Abstract 537: Rgulation of ALG-2 in NAADP-induced Ca2+ Release via TRP-ML1 Channel in Mouse Coronary Arterial Myocytes

Abstract

We have demonstrated that nicotinic acid adenine dinucleotide phosphate (NAADP) sensitive Ca2+ release channel is characteristic of lysosomal TRP-ML1 in coronary arterial myocytes (CAMs). The present study hypothesized that NAADP induces Ca2+ release from TRP-ML1 channels via apoptosis-linked gene 2 (ALG-2), which was reported to act as a Ca2+ sensor that modulates the function of TRP-ML1. By RT-PCR and Western blot analysis, we demonstrated that ALG-2 is abundantly expressed in the cytosol of mouse CAMs. Confocal microscopy found that FasL and ET-1, well-known NAADP stimulators, increased the colocalization coefficient of ALG-2-GFP with TRP-ML1-RFP in CAMs from 0.17±0.033 to 0.3±0.044 and 0.3±0.09, respectively. In addition, the TRP-ML1 level was significantly increased in FasL or ET-1-treated CAMs after immunoprecipitation with anti-ALG-2, confirming that the interaction of ALG-2 with TRP-ML1 was enhanced in response to NAADP production.

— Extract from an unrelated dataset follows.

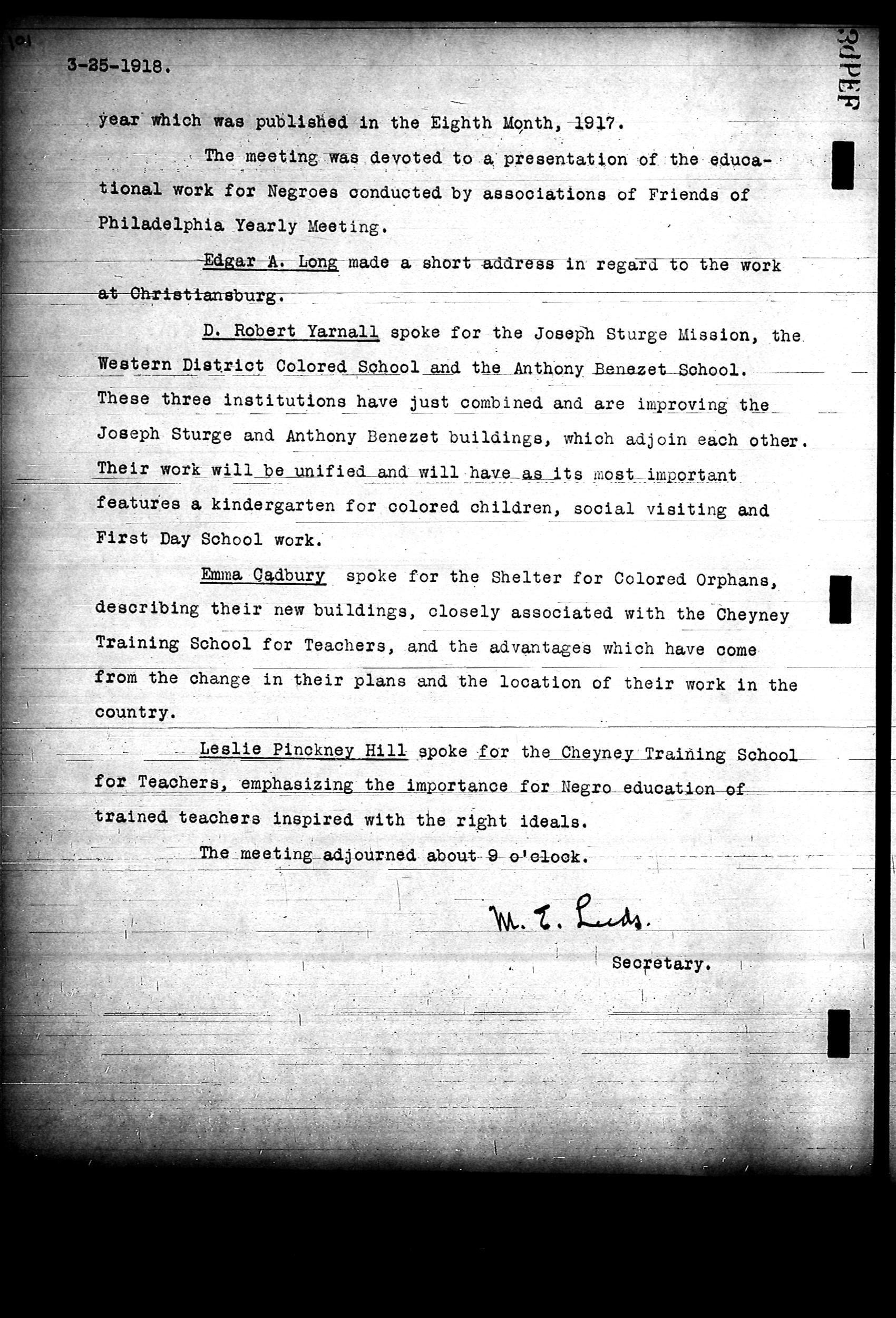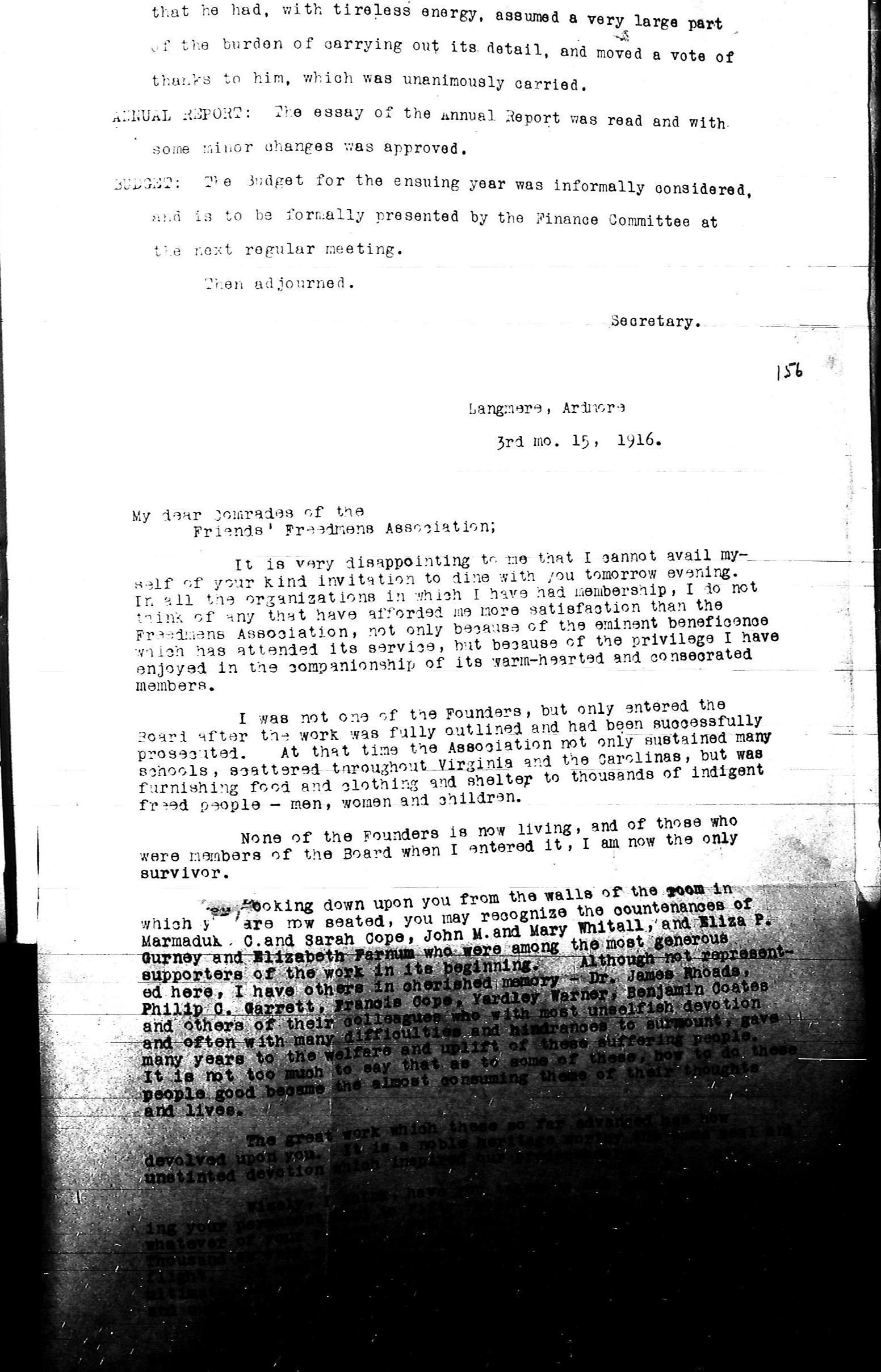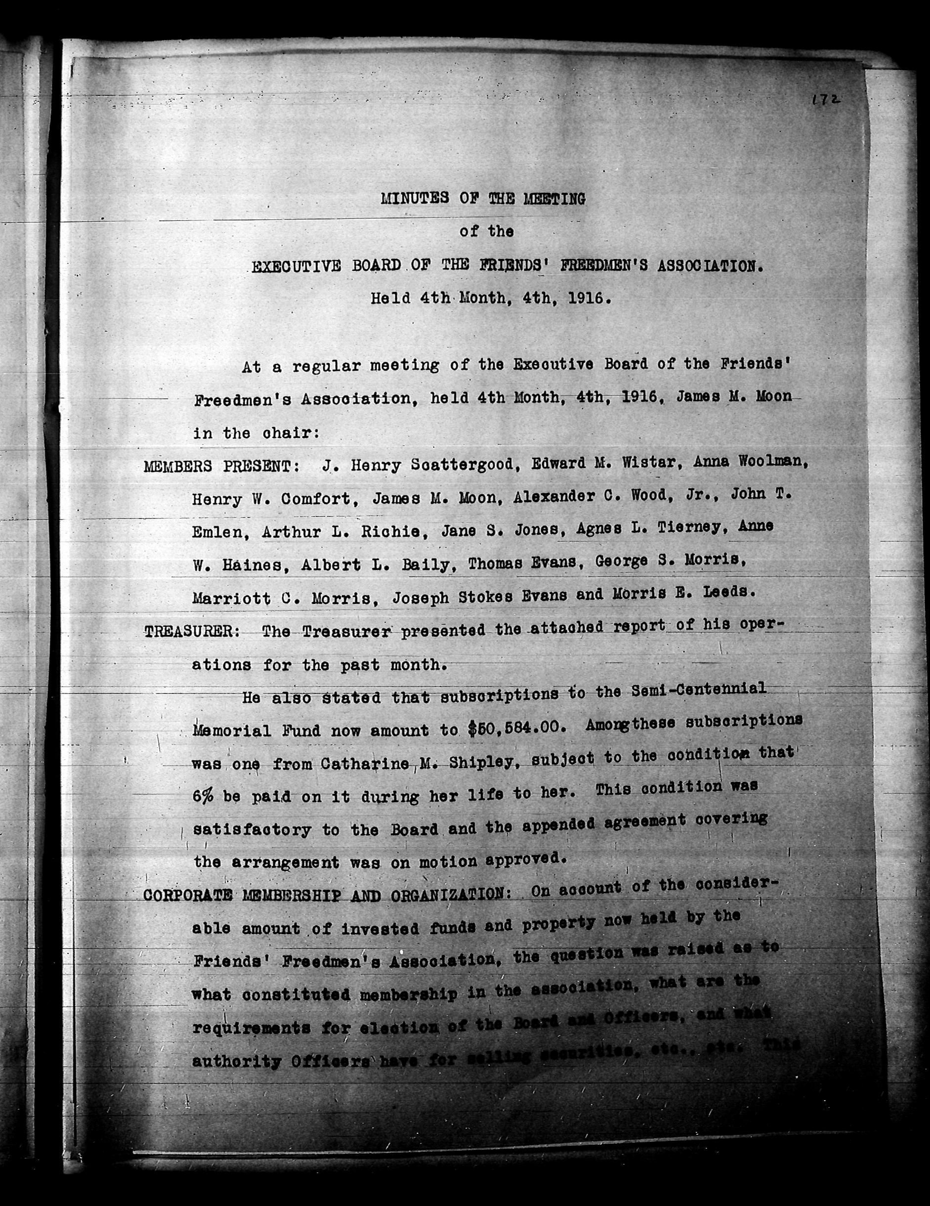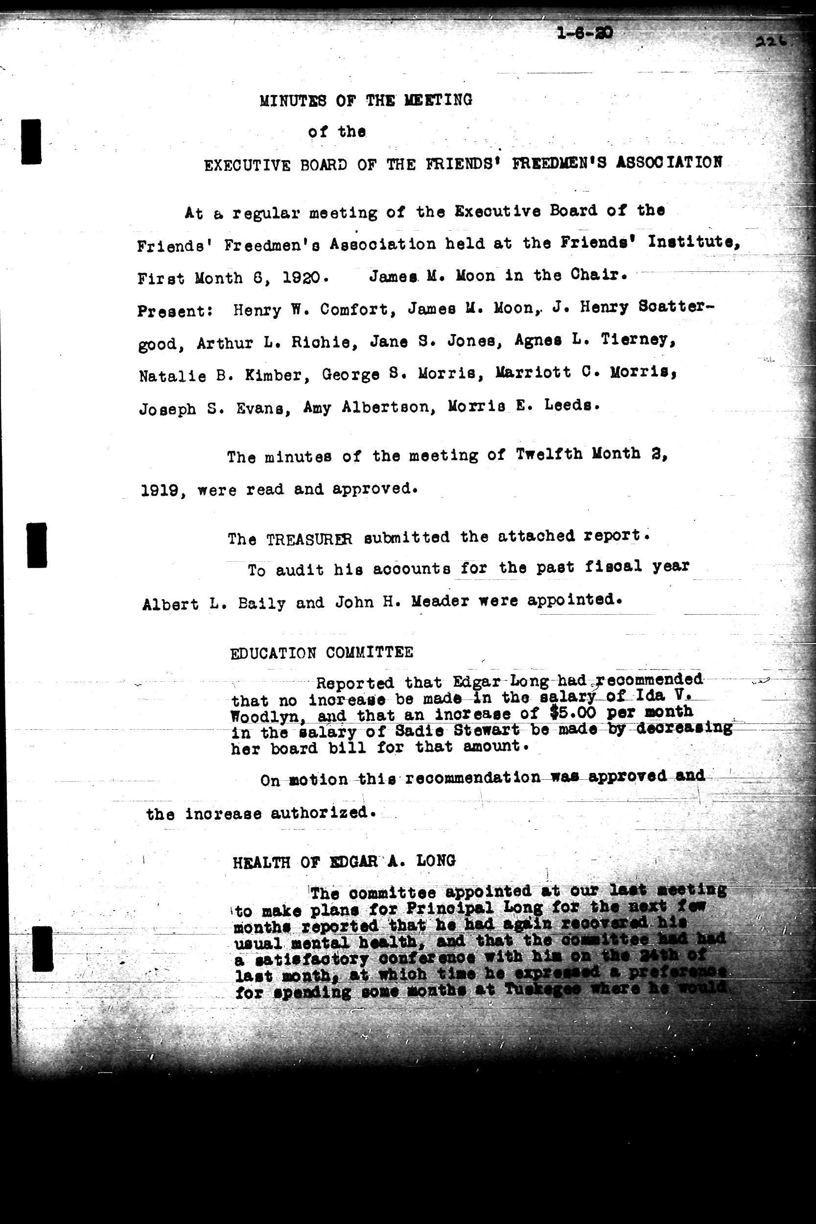 Friends Freedman's Association Reel Three: Executive Committee Minutes 1910-1920 (part 2)Scope and Content

Furthermore, NAADP competitively inhibited recombinant ALG-2 protein binding with tis-NED-19, which fluorescently labels NAADP receptors. Importantly, fluorescent microscopic image analysis showed that NAADP-induced Ca2+ release was reduced from 380±42.03 nM to 216.7±14.7 nM after the transfection with ALG-2 siRNA in CAMs, which was also found after the treatment with FasL or ET-1. Our findings support the view that ALG-2 can directly bind with NAADP, which mediates the action of NAADP through lysosomal TRP-ML1 channels. Such results throw light on NAADP-TRP-ML1 working model in vascular cells.